Jamie

La noticia había sido tan devastadora como frustrante. El mismo Hoydt, que había sido testigo, apenas pudo reunir el valor o la cordura para reunir las palabras necesarias con las que describir lo que había sucedido dentro de aquella sala.
Se hicieron interminables las horas que requirió el equipo técnico para desbloquear las puertas herméticas que me habían aislado; una cuarentena consciente para no comprometer al resto del edificio y las personas que habitaban en él. Casi un día entero pasó desde que pudieron abrir la puerta hasta que descontaminaron mi cuerpo a base de manguerazos y lo trasladaron a una unidad médica especializada.

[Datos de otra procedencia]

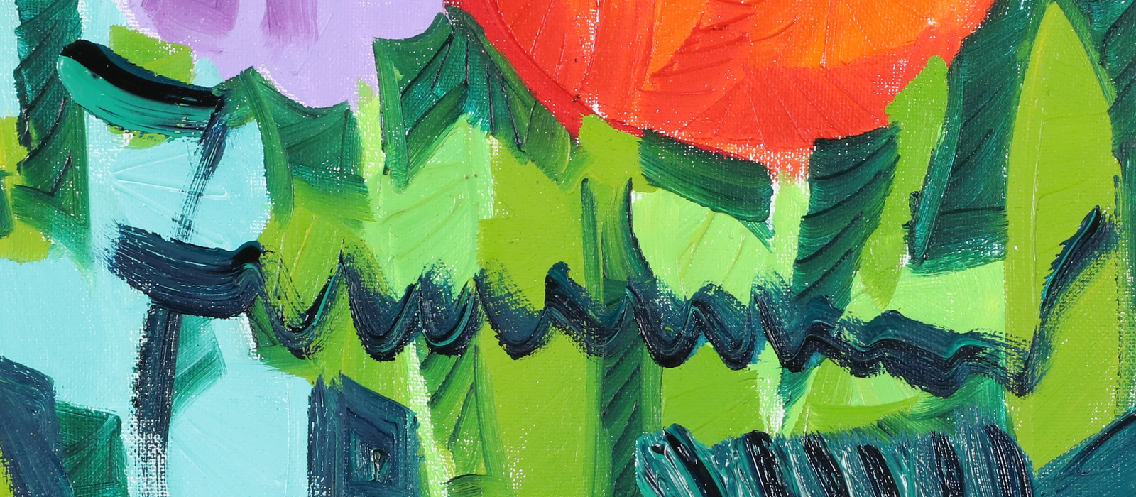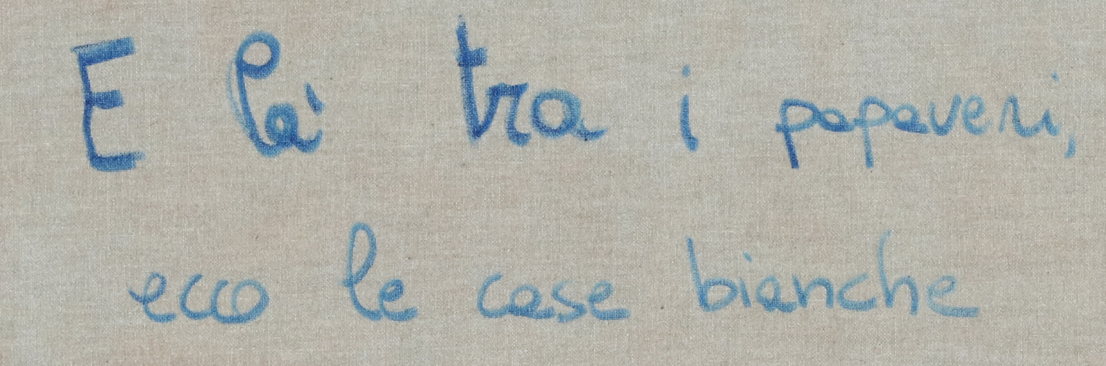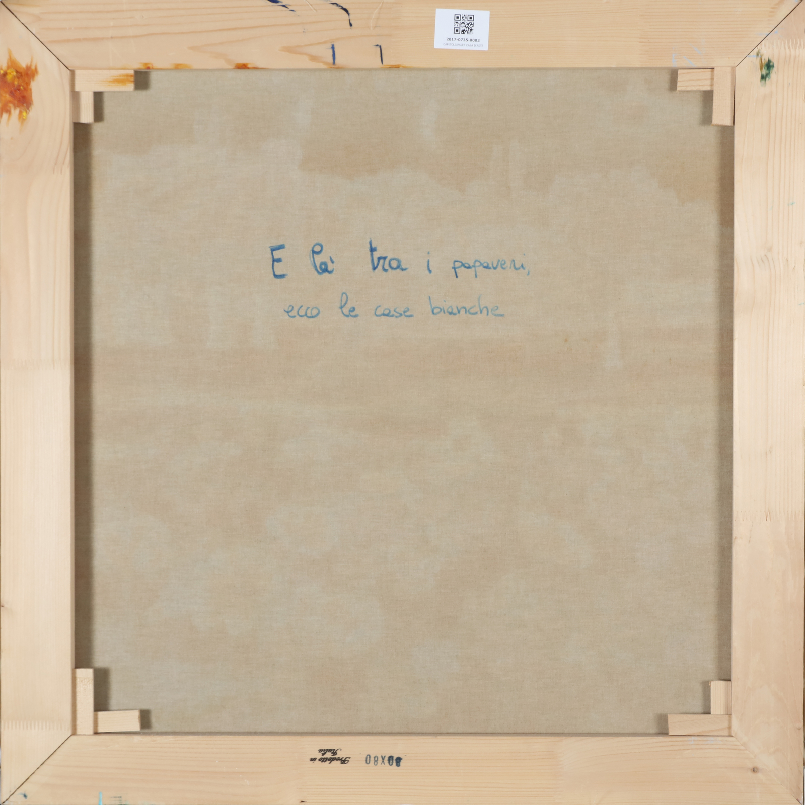 FACCINCANI ATHOS (n. 1951) E là tra i papaveri, ecco le case bianche. . Olio su tela . Cm 80,00 x 80,00. Firma in basso a destra. Al retro firma. Autentica dell'artista su fotografia.

Durante ese tiempo, mis amigos no se mantuvieron ociosos, aunque poco podían hacer más que marcarse un recorrido de lado a lado de la sala donde trabajaba Bruce Banner, en un deambular obsesivo que, afortunadamente, no parecía alterar el trabajo del físico.
Por su parte, este, con ayuda de Ethan, consiguió trazar un mapa virtual de todo Nueva York; entre los dos consiguieron modificar el framework de todas las apps funcionales que localizaran radioactividad, contaminación y, por qué no, movimiento sobrenatural en la ciudad, con la intención de localizar lugares que hubiesen experimentado algún despunte de actividad radioactiva. También revisaron los registros de los contadores geiger de la facultad de física, aunque no pudieron extraer mucha información de unos parámetros tan controlados. En cualquier caso, de esta forma, y evitando los propios programas gubernamentales, cuyos servidores eran mucho más complejos y minuciosos, evitaba una respuesta masiva a su búsqueda, y podía ignorar la radiación común -como los microondas o los móviles de última generación-, de la radiación que nos había transportado a este mundo. Quizás hubiese sido más fácil si hubiesen extraído una muestra la ropa que llevábamos cuando atravesamos el portal, pero, cómo no, ninguno la llevábamos encima.
Bueno, culpo a la ridícula eficacia de Jarvis por ello.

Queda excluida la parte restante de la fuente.